» **To do**: Only the lines below from the one containing "Los trabajadores de" through the one containing "Extraction de la" belong in the answer, repeated exactly and without pictures.

» **Stored data**:
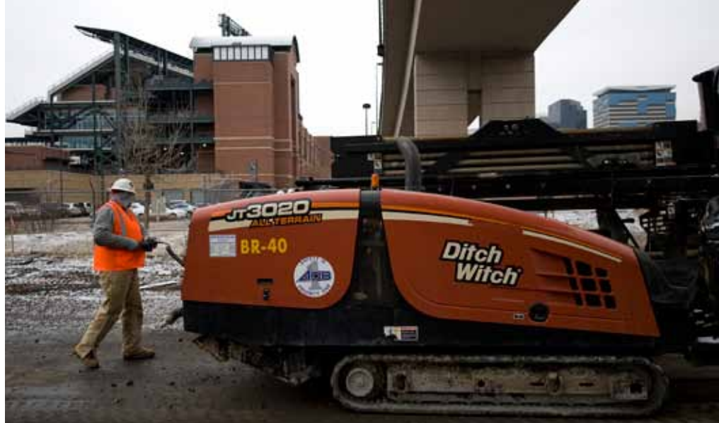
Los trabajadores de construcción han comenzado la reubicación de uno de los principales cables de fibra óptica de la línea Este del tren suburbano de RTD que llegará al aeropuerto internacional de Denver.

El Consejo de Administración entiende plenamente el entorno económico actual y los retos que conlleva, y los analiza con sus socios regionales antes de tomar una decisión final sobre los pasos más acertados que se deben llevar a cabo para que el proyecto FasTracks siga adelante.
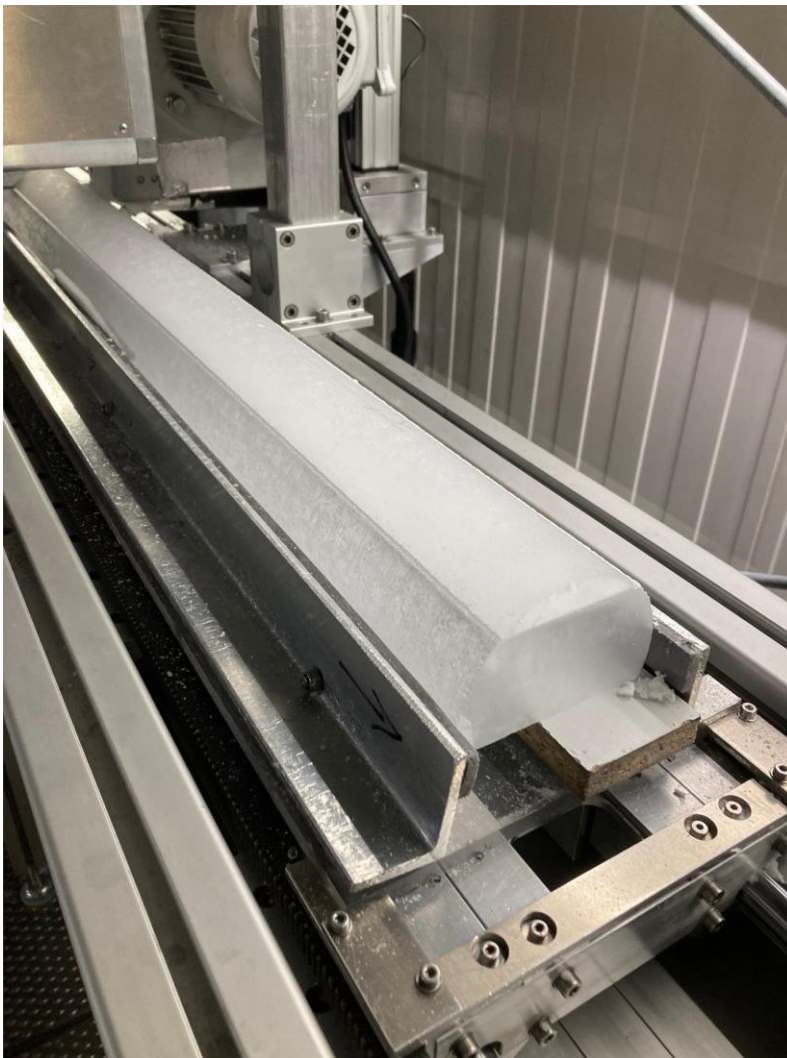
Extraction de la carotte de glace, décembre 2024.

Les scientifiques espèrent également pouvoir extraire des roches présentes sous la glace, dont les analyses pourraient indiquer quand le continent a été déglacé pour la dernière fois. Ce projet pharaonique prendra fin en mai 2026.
---
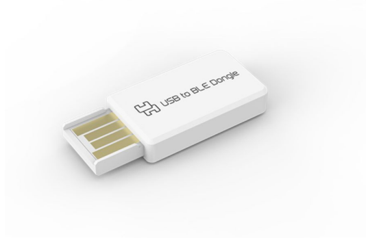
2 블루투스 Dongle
* * *
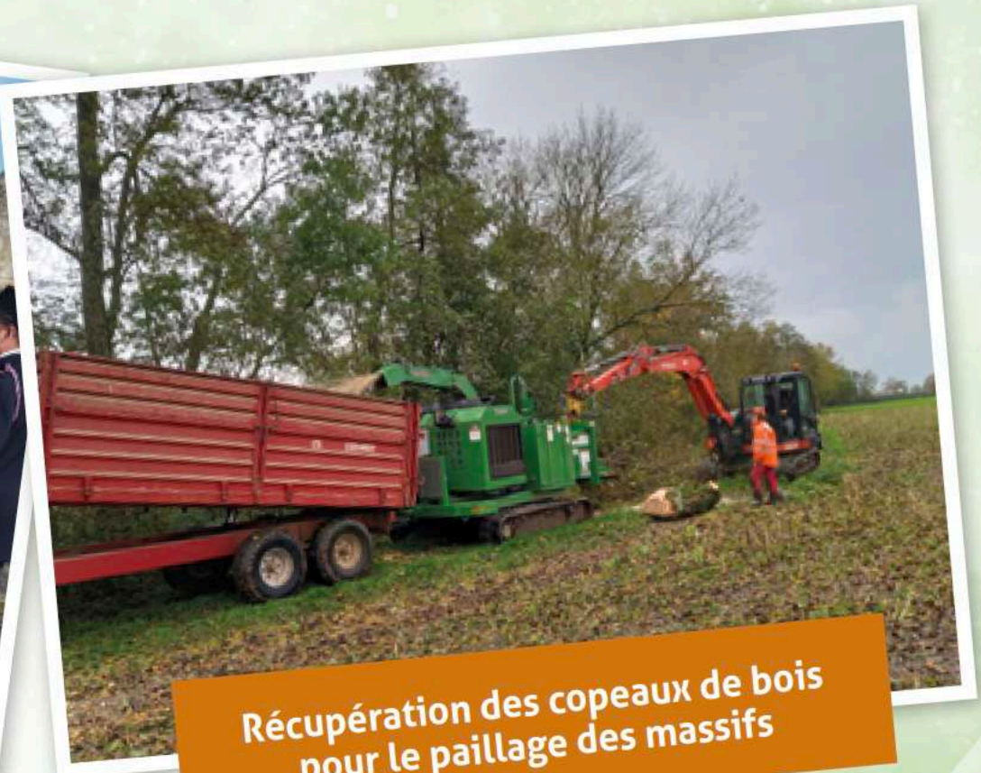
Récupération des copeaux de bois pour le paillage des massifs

» **Solution for this exercise**:
Los trabajadores de construcción han comenzado la reubicación de uno de los principales cables de fibra óptica de la línea Este del tren suburbano de RTD que llegará al aeropuerto internacional de Denver.

El Consejo de Administración entiende plenamente el entorno económico actual y los retos que conlleva, y los analiza con sus socios regionales antes de tomar una decisión final sobre los pasos más acertados que se deben llevar a cabo para que el proyecto FasTracks siga adelante.
Extraction de la carotte de glace, décembre 2024.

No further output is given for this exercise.